=== Provided material ===
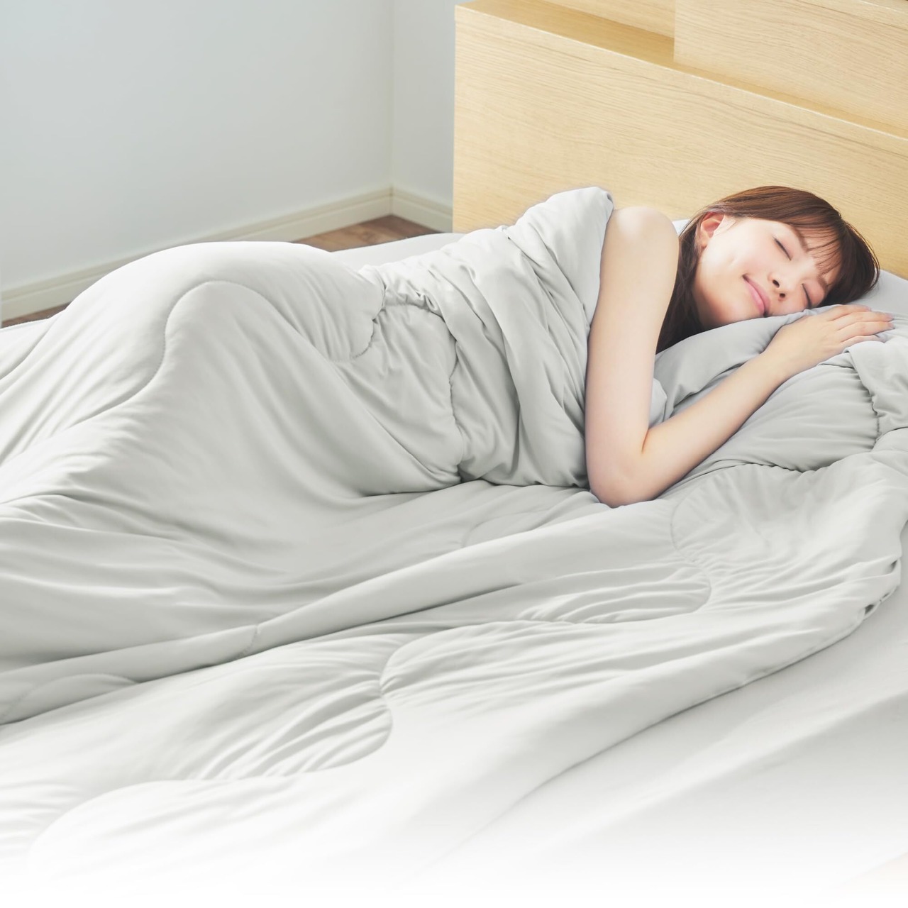 [安心素材&オールシーズン対応]赤ちゃんが口に入れても安全な当製品は、世界基準のエコテックススタンダードを取得。肌に優しく、家族揃って安心してお使いいただけます。特殊構造の中綿は空気をたっぷりと含み、乾燥肌にも低刺激ななめらかさ。断熱性を高め、ダニの生息や埃の付着を防ぎ、アレルギー肌などに悩む方にも。中綿は軽量&細かな繊維で、冬でも温熱を逃さずキープ!また高い通気性と透気性で適度な気温に調節し、春先や夏でも心地よい寝心地を叶えます。
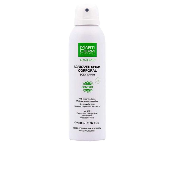 Optimiza tu cuidado de la piel con el MARTIDERM ACNIOVER spray corporal de 150 ml. Este producto, formulado sin alcohol, ha sido especialmente diseñado para combatir la aparición de imperfecciones y granitos en grandes áreas del cuerpo, como el pecho y la espalda.
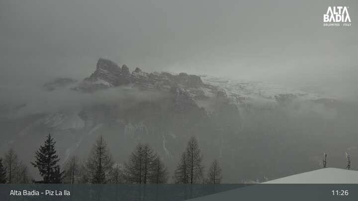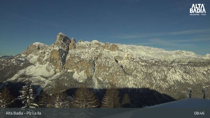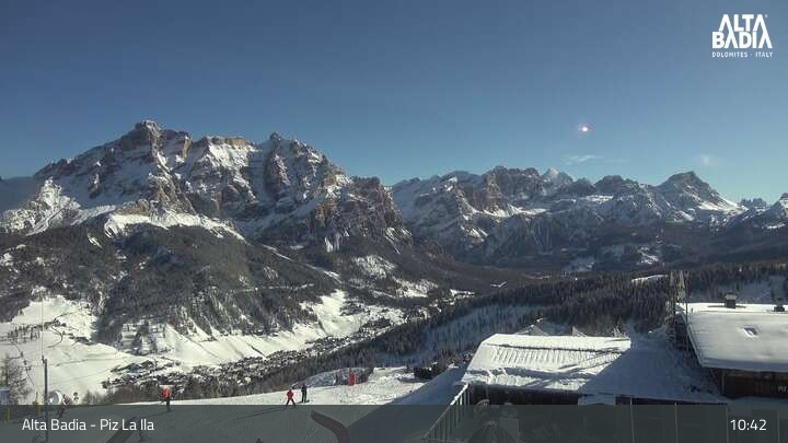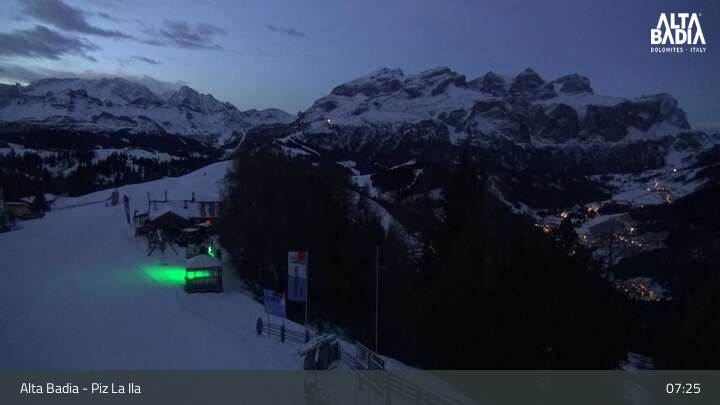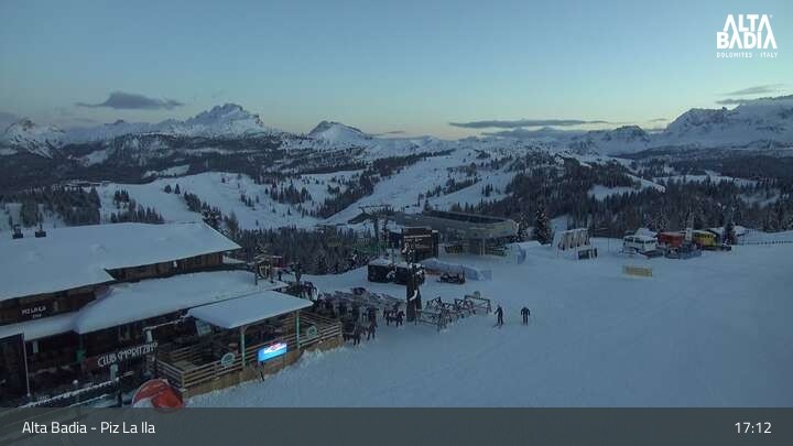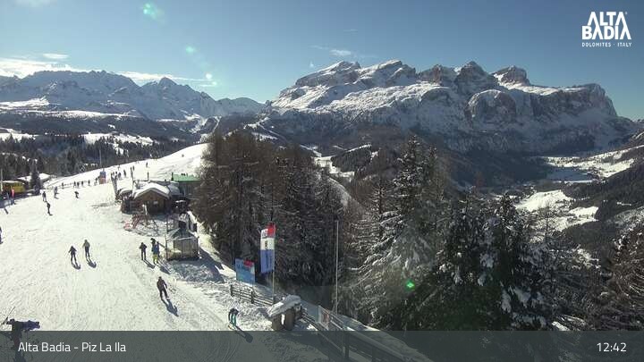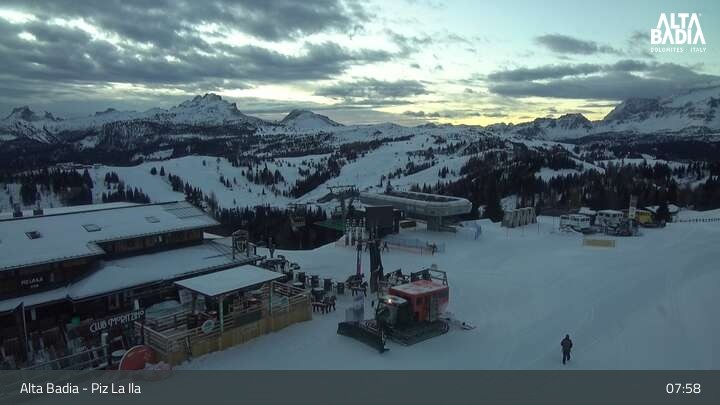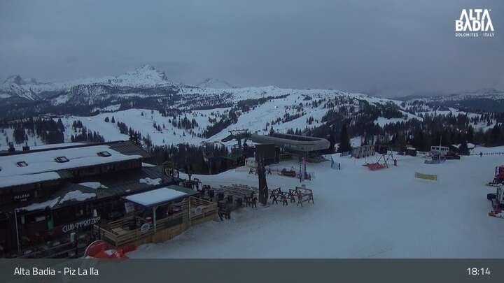 Zu sehen ist die Bergstation des Sessellifts Bamby am Piz La Ila mit Blick zum Marmolada Gletscher
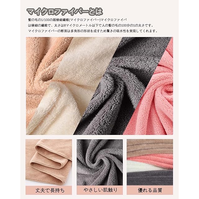 【抜群の吸水性と速乾性】綿の素材より吸水性が優れます。マイクロファイバー素材の表面は数えられない隙間があり、その隙間に大量の水分を素早い吸水できます。髪や肌にそっと当てるだけで水分が吸収される素材であり、また汚れも落としやすい特徴があります。隙間に取り込まれた空気が水分を拡散させるので、速乾性のポイントで、バスタオルの雑菌を抑え、健康を保つことができます。
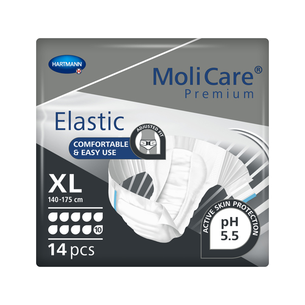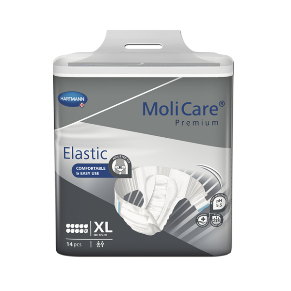 An all-in-one slip style pad for moderate to very severe incontinence, suitable for all body shapes. MoliCare Premium Elastic 10 Drops is self explanatory and quick and easy to apply with only 2 elasticated side panels and 2 re-closable tapes. Faster application and less handling helps preserve the dignity of patients, while the ergonomic design helps reduce stress on the body of care givers. MoliCare Premium Elastic XL offers maximum leakage protection, absorption perfomance and odour control for high level confidenece and security.
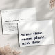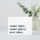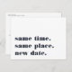 Precisa adiar ou remarcar o seu casamento? Informe os convidados com esses cartões-postais modernos e alegres em branco com letras em azul-marinho. O design engraçado e inteligente baseado em tipografia apresenta "mesmo horário, mesmo local, nova data" na frente, com a nova data do casamento e detalhes no verso.
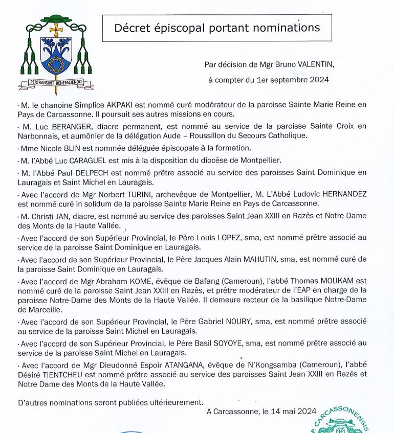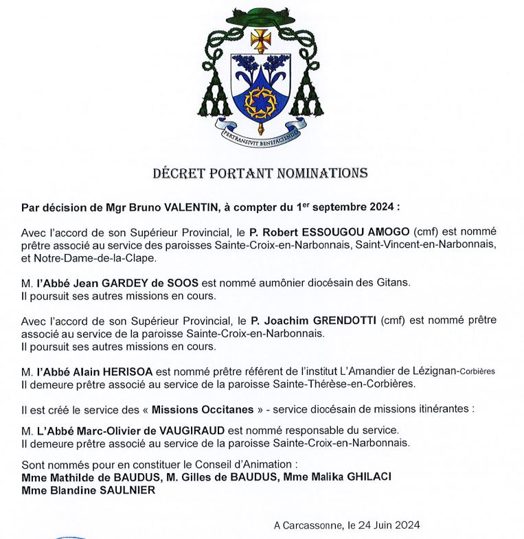Mgr Valentin, évêque de Carcassonne et de Narbonne, a procédé à deux vagues de nominations pour la rentrée.
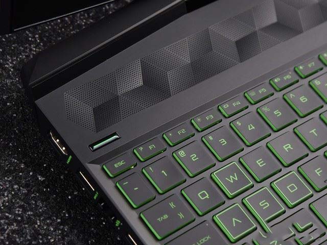 將鏡頭拉近,惠普光影精靈5代的電源鍵位于左上側(cè),同樣為紫色燈效。鍵盤(pán)上方區(qū)域采用了菱形揚(yáng)聲器格珊設(shè)計(jì),內(nèi)部搭載了B&O認(rèn)證跟調(diào)校的音效系統(tǒng),外放效果洪亮飽滿。
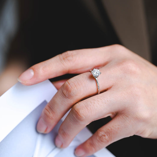 Solid Gold Solitaire Round Cut Moissanite Engagement Ring
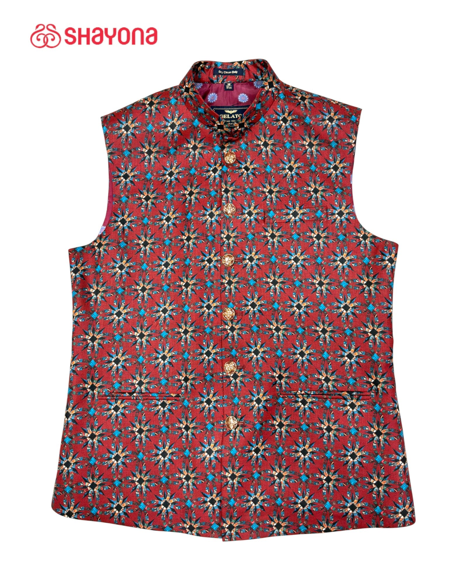 Men’s Nehru Jacket / Koti – Silk Printed Ethnic Jacket with Embroidery & Handwork
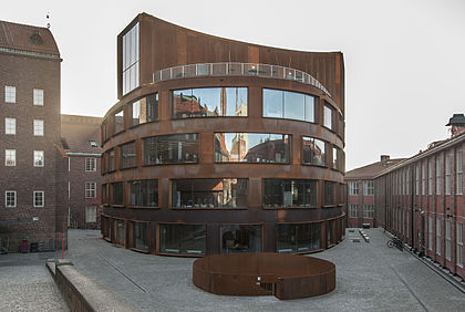 Fören på en Atlantångare på drift? Eller en tekopp i megaformat? Nej, detta är resultatet av att arkitektbyrån White fritt fått hänge sig åt sina dekonstruktivistiska impulser när de fick uppdraget att rita Humanistiska Teatern i Uppsala. Byggnadens koniskt välvda fasad är gjord av lackerad bronsfärgad aluminiumplåt, med perforering utformad av konstnären Ann Lislegaard.

=== What is required ===
Leaving the images out, return every record exactly.

=== Response to this task ===
 [安心素材&オールシーズン対応]赤ちゃんが口に入れても安全な当製品は、世界基準のエコテックススタンダードを取得。肌に優しく、家族揃って安心してお使いいただけます。特殊構造の中綿は空気をたっぷりと含み、乾燥肌にも低刺激ななめらかさ。断熱性を高め、ダニの生息や埃の付着を防ぎ、アレルギー肌などに悩む方にも。中綿は軽量&細かな繊維で、冬でも温熱を逃さずキープ!また高い通気性と透気性で適度な気温に調節し、春先や夏でも心地よい寝心地を叶えます。
 Optimiza tu cuidado de la piel con el MARTIDERM ACNIOVER spray corporal de 150 ml. Este producto, formulado sin alcohol, ha sido especialmente diseñado para combatir la aparición de imperfecciones y granitos en grandes áreas del cuerpo, como el pecho y la espalda.
 Zu sehen ist die Bergstation des Sessellifts Bamby am Piz La Ila mit Blick zum Marmolada Gletscher
 【抜群の吸水性と速乾性】綿の素材より吸水性が優れます。マイクロファイバー素材の表面は数えられない隙間があり、その隙間に大量の水分を素早い吸水できます。髪や肌にそっと当てるだけで水分が吸収される素材であり、また汚れも落としやすい特徴があります。隙間に取り込まれた空気が水分を拡散させるので、速乾性のポイントで、バスタオルの雑菌を抑え、健康を保つことができます。
 An all-in-one slip style pad for moderate to very severe incontinence, suitable for all body shapes. MoliCare Premium Elastic 10 Drops is self explanatory and quick and easy to apply with only 2 elasticated side panels and 2 re-closable tapes. Faster application and less handling helps preserve the dignity of patients, while the ergonomic design helps reduce stress on the body of care givers. MoliCare Premium Elastic XL offers maximum leakage protection, absorption perfomance and odour control for high level confidenece and security.
 Precisa adiar ou remarcar o seu casamento? Informe os convidados com esses cartões-postais modernos e alegres em branco com letras em azul-marinho. O design engraçado e inteligente baseado em tipografia apresenta "mesmo horário, mesmo local, nova data" na frente, com a nova data do casamento e detalhes no verso.
Mgr Valentin, évêque de Carcassonne et de Narbonne, a procédé à deux vagues de nominations pour la rentrée.
 將鏡頭拉近,惠普光影精靈5代的電源鍵位于左上側(cè),同樣為紫色燈效。鍵盤(pán)上方區(qū)域采用了菱形揚(yáng)聲器格珊設(shè)計(jì),內(nèi)部搭載了B&O認(rèn)證跟調(diào)校的音效系統(tǒng),外放效果洪亮飽滿。
 Solid Gold Solitaire Round Cut Moissanite Engagement Ring
 Men’s Nehru Jacket / Koti – Silk Printed Ethnic Jacket with Embroidery & Handwork
 Fören på en Atlantångare på drift? Eller en tekopp i megaformat? Nej, detta är resultatet av att arkitektbyrån White fritt fått hänge sig åt sina dekonstruktivistiska impulser när de fick uppdraget att rita Humanistiska Teatern i Uppsala. Byggnadens koniskt välvda fasad är gjord av lackerad bronsfärgad aluminiumplåt, med perforering utformad av konstnären Ann Lislegaard.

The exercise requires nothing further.